Source: https://cli.nylas.com/guides/build-reliable-email-automation

# Build Reliable Email Automation: 5 Patterns

Your nightly report script ran fine for six months. Then an OAuth token expired and it failed silently for three weeks before anyone noticed the reports stopped. This guide covers five patterns that make terminal email automation reliable: checking exit codes, retrying with bounds, deduplicating sends with idempotency checks, staging risky sends as drafts, and keeping an audit trail you can debug from.

Written by [Pouya Sanooei](https://cli.nylas.com/authors/pouya-sanooei) Software Engineer

Updated June 5, 2026

> **TL;DR:** The CLI exits non-zero on any failed command, so `set -euo pipefail` plus a bounded retry loop handles transient failures. Tag every automated send with `--metadata run_id=...` and check the Sent folder before retrying to prevent duplicates. Stage risky sends with `nylas email drafts create`, and enable `nylas audit init --enable` so every run leaves a trail with request IDs.

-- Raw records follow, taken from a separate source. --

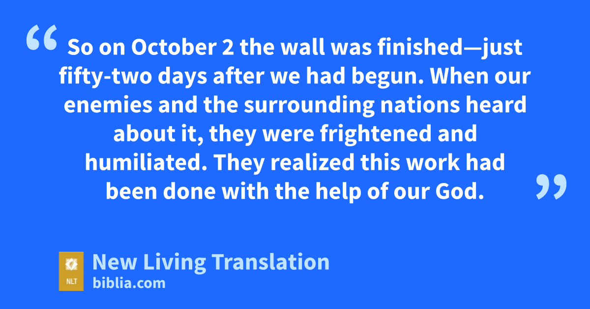 15 So on October 2* the wall was finished—just fifty-two days after we had begun. 16 When our enemies and the surrounding nations heard about it, they were frightened and humiliated. They realized this work had been done with the help of our God.
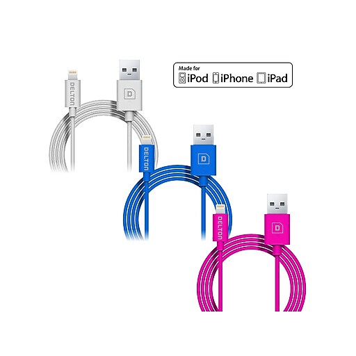 Delton Lightning Usb Cable For Iphone Ipad Ipod Touch Assorted Colors Pack Of 3 Ce14542a
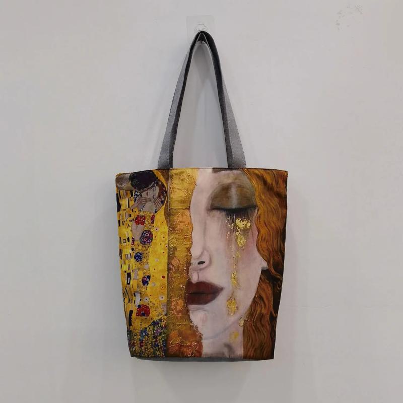 Oil Painting Tears Cloth Tote For Women Gustav Klimt Handbag
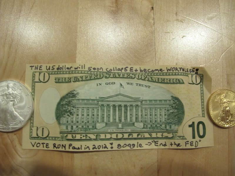 At that point, I will trade some of my gold for land, rental property, etc, assuming we are deeper into the depression than we are now, and thus prices are suppressed well below where they are now. Once I see signs that the government will stop interfering in the markets, either as a result of a Ron Paul or similar presidency, or as the final result of a revolution, then I will also invest in stocks. I will never invest in bonds, because I don't believe in credit. If you are worthy of credit, then you can start smaller based on your savings and work your way up with profit reinvestment.
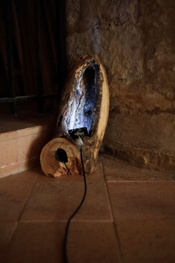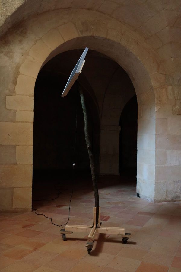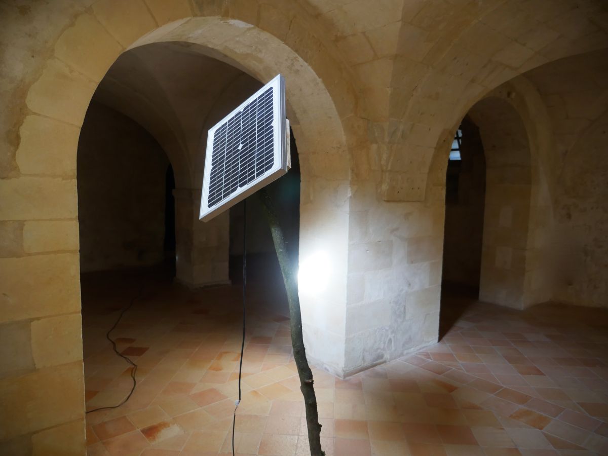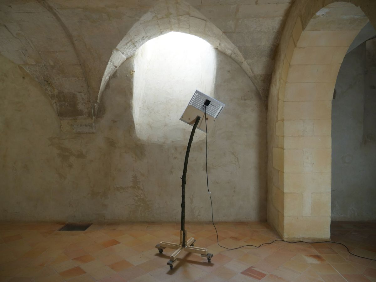 Les variations de l’intensité de l’énergie solaire captées par le panneau photovoltaïque sont retranscrites sur la nappe led d’un téléphone. Une tautologie, sans nécessité, juste un parcours fait de matériaux et de formes dont la lumière est l’origine et la fin.
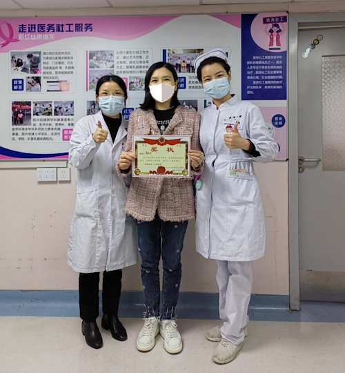徐美琴:是偶然也是必然。此前在蘇州做過(guò)社區(qū)社工和司法社工,回到武漢后,一則醫(yī)務(wù)社工的招聘讓自己找到了興趣和方向??赡苁且?yàn)榻?jīng)歷了疫情,對(duì)醫(yī)療場(chǎng)域有了更多的關(guān)注,因此,醫(yī)務(wù)社工瞬間就引起了我的注意。但醫(yī)務(wù)社工是社工領(lǐng)域的天花板,是充滿挑戰(zhàn)的,如果只是一時(shí)興起就決定做這份工作,顯然是不能長(zhǎng)久的。我也是在后來(lái)的實(shí)踐中,確認(rèn)了自己對(duì)這個(gè)領(lǐng)域確實(shí)感興趣,患者也確實(shí)需要醫(yī)務(wù)社工的介入,且醫(yī)務(wù)社工又能夠?qū)崒?shí)在在幫助到患者,才堅(jiān)定了自己做醫(yī)務(wù)社工的決心。

Command references used in this guide: `nylas email send`, `nylas email list`, `nylas email drafts`, and `nylas audit logs show`.

## Why does email automation fail silently?

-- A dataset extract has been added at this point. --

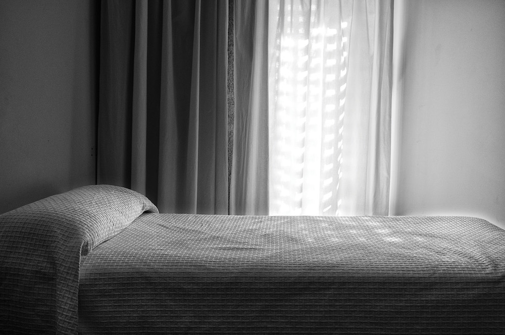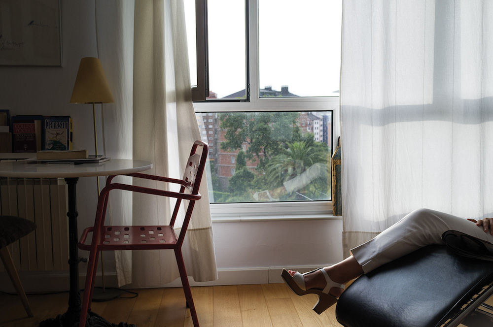 Hay en estas fotografías de interiores una ventana, a veces un reflejo, una cama, una silla. No busques narrativas: traicionarían la imagen. No está sucediendo nada. Ni siquiera hay huecos o ausencias. El aire reposa sobre los objetos indiferentes (radiador, palmera, pierna…), ajeno a los hechos. Si realmente estuvieras ahí (y no en un tren o en mis palabras), no podrías evitar emborronar la tersura de ese aire. Ahí solo puedes dejar de estar, sin dramas ni añoranzas; dejar de ser.

Email automation fails silently because the failure modes are intermittent and the script has no one watching its output. OAuth access tokens expire after 3,600 seconds; provider rate limits throttle bursts; DNS hiccups kill a single request out of hundreds. A cron job swallows stderr unless you redirect it, so a failing script and a succeeding script look identical until someone misses an email.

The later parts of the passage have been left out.